Citi initiates Marfin Popular Bank coverage

309 views
1 min read

Citigroup has commenced coverage on Marfin Popular Bank with a Buy (1H) rating and EUR12 target price. MPB is the product of a 2006 three-way merger. It is run by an entrepreneurial management team focused on making money. Dubai is the core shareholder and an enthusiastic financial sponsor.

Marfin raised EUR400 million in 2005 with a mandate to play an aggregator role amongst the tail of Greek banking. In 2006, it snapped up stakes in Egnatia and Laiki Bank. In 2007, its sister company, MIG, raised EUR5.2bn to invest in Greece and the Balkans, primarily non-financials.

MPB is growing rapidly: at end 1H07, group lending increased 41% yoy, deposits 40% and group NII increased 47%. Robust growth is driven by attractive markets and aggressive management. Strong current results should lead to revised financial targets by MPB.
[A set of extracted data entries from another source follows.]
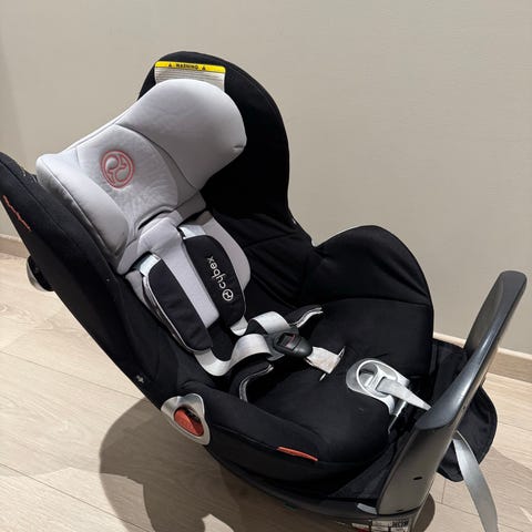 Cybex Sirona M i-Size barnesete for barn opptil 19kg. Barnesetet er i svart stoff og er godkjent etter i-Size-regelverket (UN R129). Setet monteres med ISOFIX og kan brukes både bakovervendt og forovervendt innenfor angitte høyde- og vektgrenser (ca. 45–105 cm, maks 19 kg, hvorav opptil 19kg i bakovervendt posisjon).
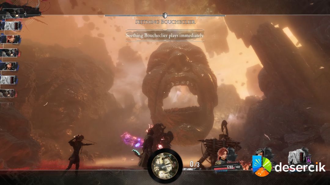 Boucheclier zaczyna pojedynek z 4 tarczami, więc jeśli chcesz od razu wypalić swoje najmocniejsze skille… cóż, nie polecam. Stracisz turę i nerwy, a tarcze i tak zostaną. Najpierw trzeba je zdjąć.
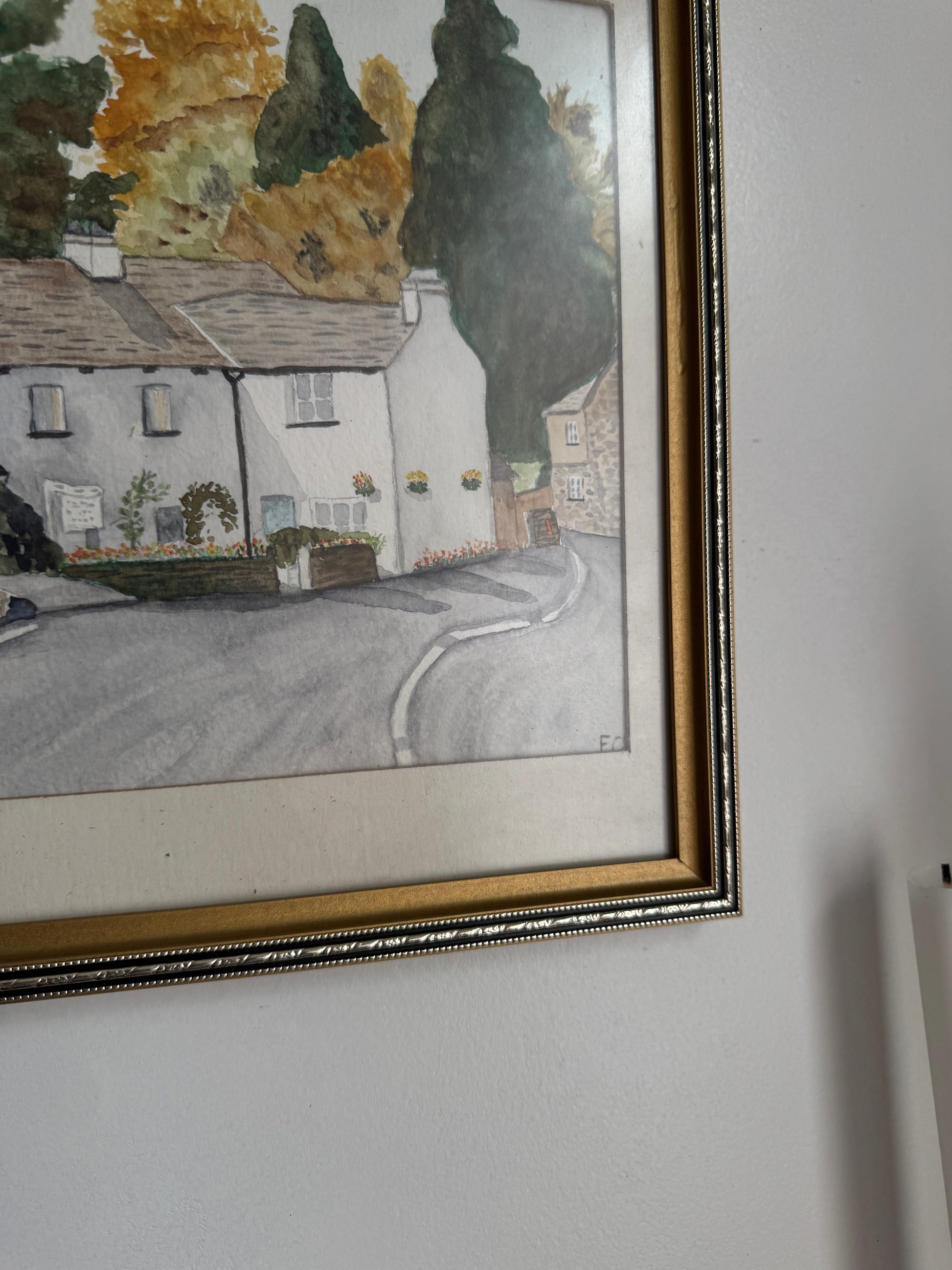 Vintage Signed Watercolour Artwork in Slim Wooden Frame
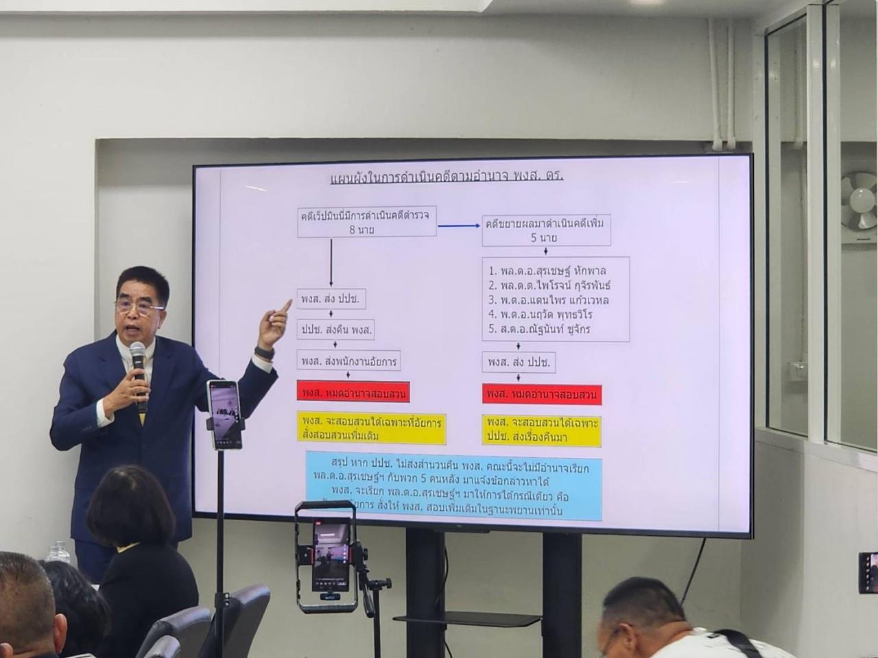 ต่อมาได้มีการขยายเส้นทางการเงิน และมีการส่งสำนวนไปยัง ป.ป.ช. แล้ว 5 ราย ประกอบด้วย 1. พล.ต.อ.สุรเชษฐ์ หักพาล รอง ผบ.ตร. 2. พล.ต.ต.ไพโรจน์ กุจิรพันธ์ 3. พ.ต.อ.แดนไพร แก้วเวหล 4. พ.ต.อ.นฤวัต พุทธวิโร 5. ส.ต.อ.ณัฐนันท์ ชูจักร ซึ่งตนเองก็ยืนยันว่าได้รับเงินมาจาก พล.ต.อ.สุรเชษฐ์ หักพาล จริง โดยโอนมาจาก พ.ต.ท.คริษฐ์ ปริยะเกตุ โอนเข้าบัญชีบุตรชายของตน เป็นค่าที่ปรึกษาและค่าใช้จ่ายในการทำงาน แต่เอกสารลับทางราชการเช่นนี้ไม่สามารถเปิดเผยได้ ซึ่งผิดตามความลับของราชการตำรวจ ข้อ 7 ที่ระบุว่า พนักงานสอบสวนจะต้องรักษาความลับของราชการ และความลับในการปฏิบัติหน้าที่
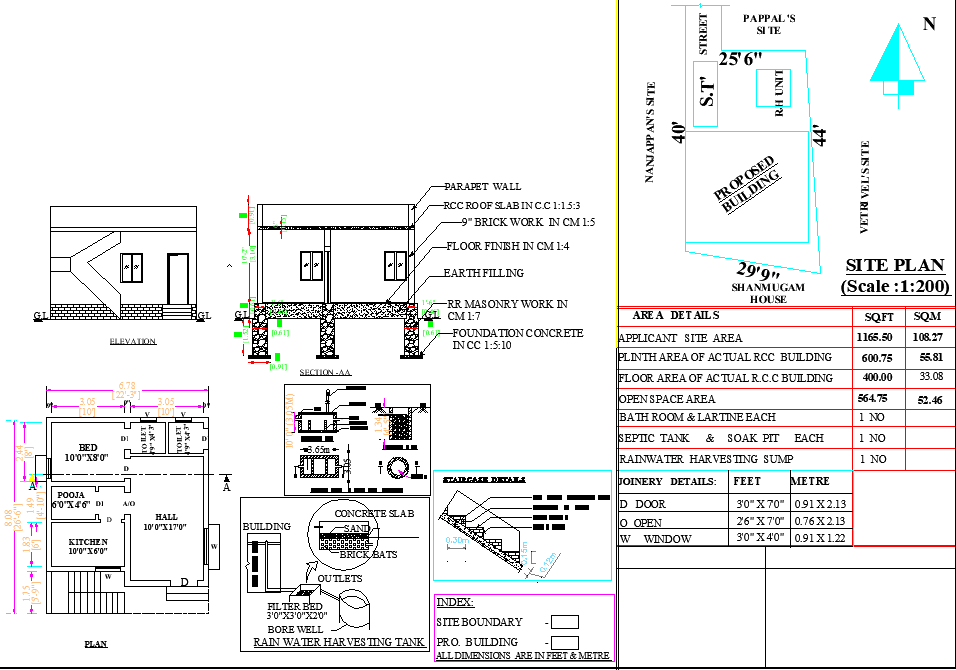 Working drawing of residence project specified in this AutoCAD drawing file. this site plan stated by 1:200 scale with sizes detail and area detail given in it. this can be used by architects and architects students. Download this 2d AutoCAD drawing file.
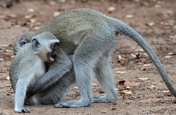 Noch ein bisschen nerviger in den Camps ist die flinke Südliche Grünmeerkatze (Chlorocebus pygerythrus), eine Primatenart aus der Familie der Meerkatzenverwandten. Diese Tiere erreichen eine Kopfrumpflänge von 40 bis 60 Zentimeter, der Schwanz wird bis zu 70 Zentimeter lang. Ihr Gewicht beträgt 4 bis 6 Kilogramm, wobei die Männchen wie so oft deutlich größer und schwerer als die Weibchen sind.
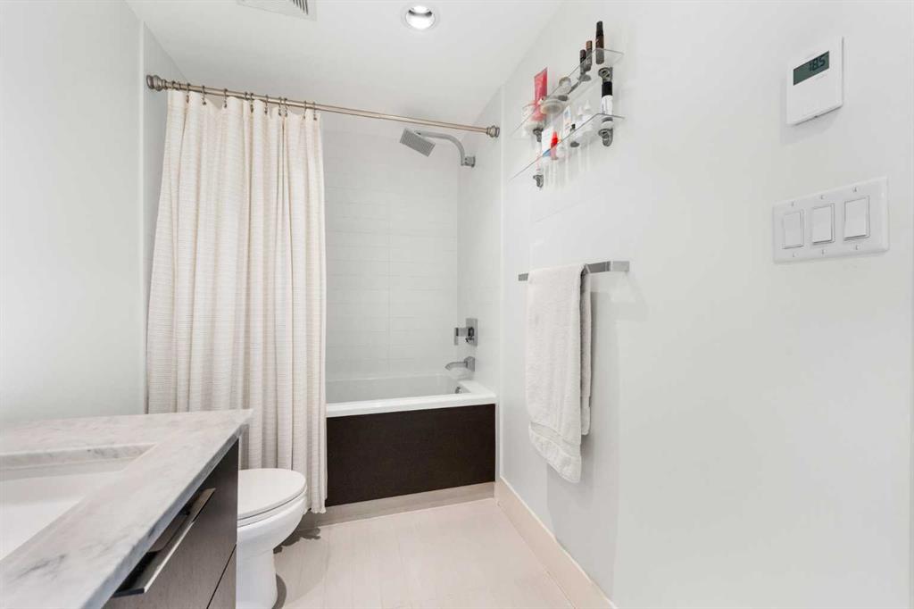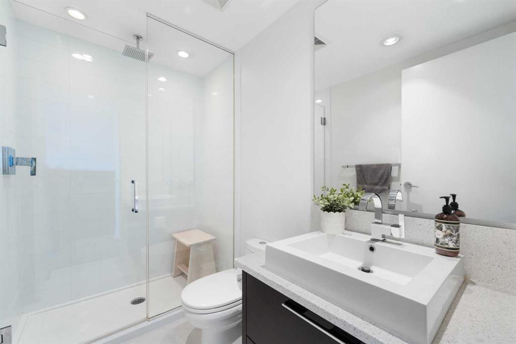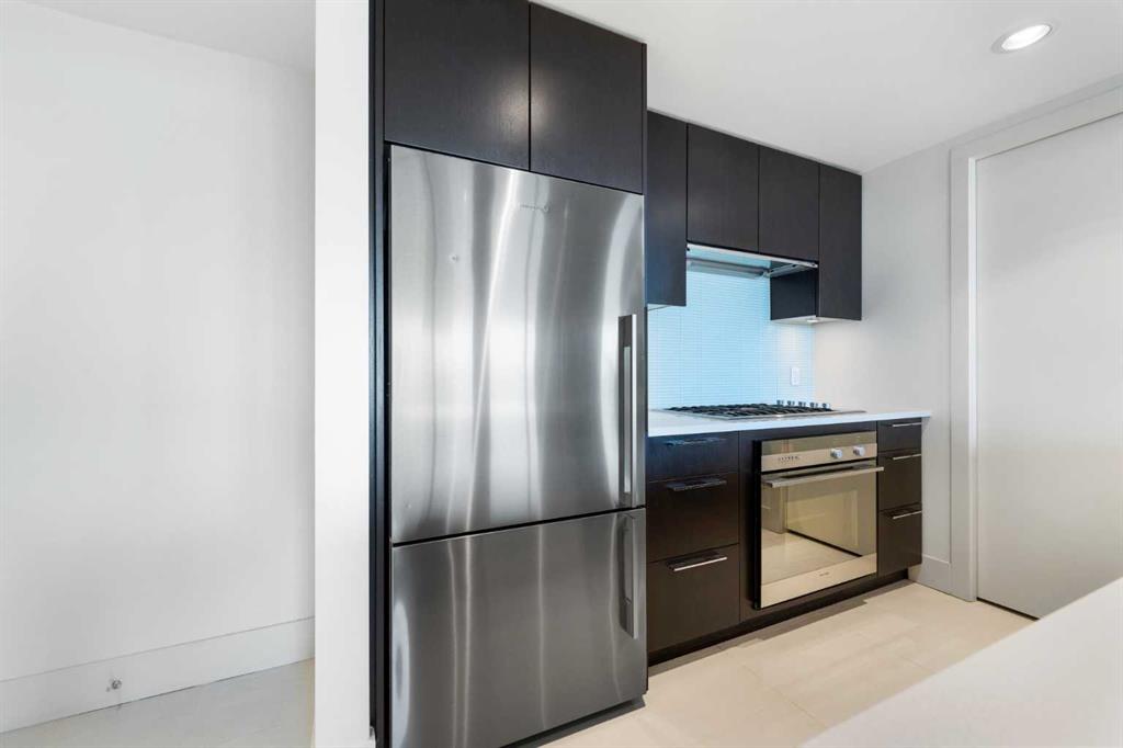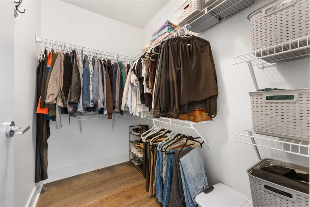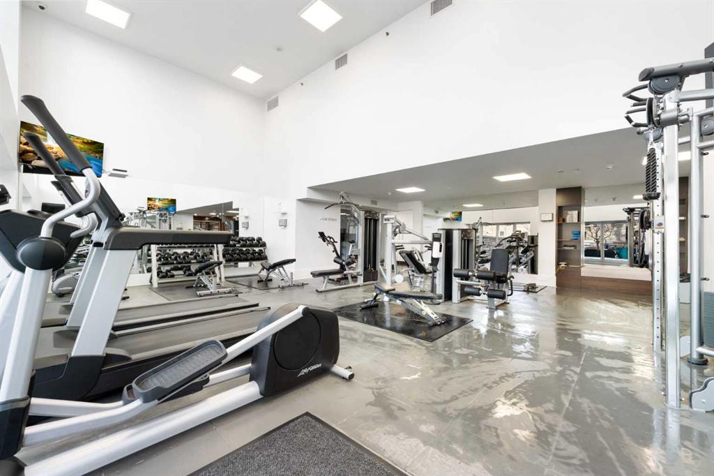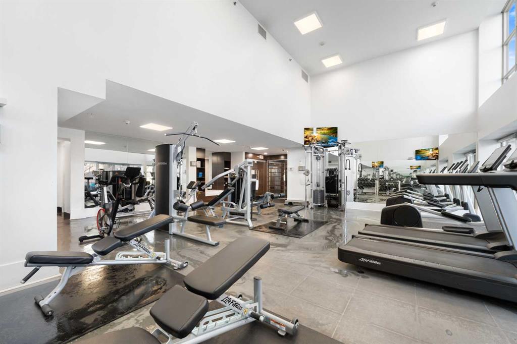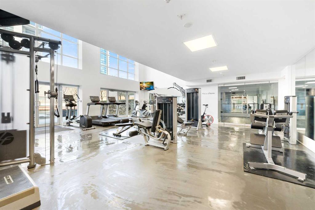 Floor-to-ceiling windows and hardwood flooring throughout enhance the natural light and elevate the space, while in-suite laundry and air conditioning add everyday comfort. Step outside through double sliding doors to your private patio — the ideal place to unwind and enjoy Calgary’s most dramatic sunsets.
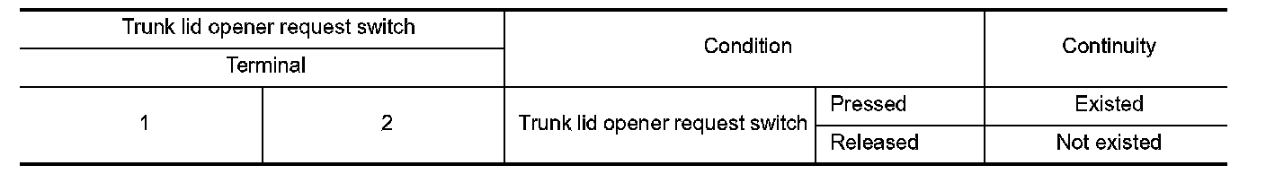 3. Check continuity between trunk lid opener request switch terminals.
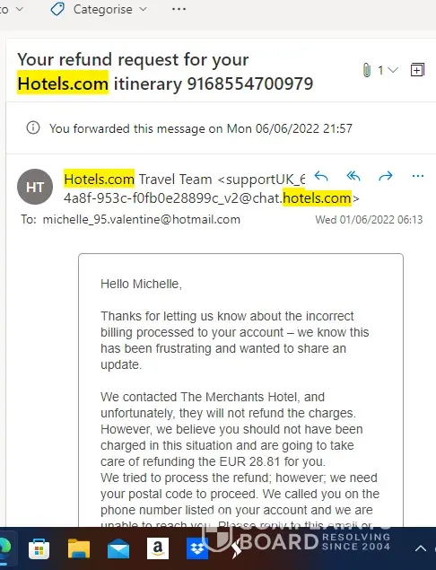 I am complaining due to the service I am currently receiving following a refund I am still waiting on. I have been getting emails from Hotels.com with a fake number to call back to process a refund. however, when I try to request this through the online chat, the agents I speak to advise me to wait further days for a refund to be processed. I have been advised by recent emails to send over relevant information, such as my post code and the date the payment was taken from my account and as such I have, I provided this information. but have not had any correspondence accept to call back on the following number: [protected] this number is unrecognisable it looks like an international number to me and won't let me dial out. I requested via email for an agent to call me back directly instead. and I am still not hearing anything but repeated emails stating ' Hello Michelle,
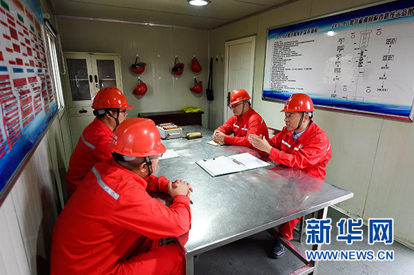 田明(右一)與團隊工作人員在江蘇真武油田井場研究設(shè)備作業(yè)運轉(zhuǎn)情況(10月9日攝)。新華社記者 李博 攝

Marfin paid about EUR200 million for a c20% stake in Laiki Bank in early 2006. The value of the investment had almost doubled by late 2006 and Citigroup analysts estimate the equivalent stake is worth 4x the original investment. This was either a brilliant move or a stroke of good fortune.

Marfin has made its backers money by being opportunistic and aggressive. The buoyant Hellenic and Balkan markets offer further opportunities to make money in banking and investing. Equally, the unpredictability inherent in their businesses may not appeal to all investors.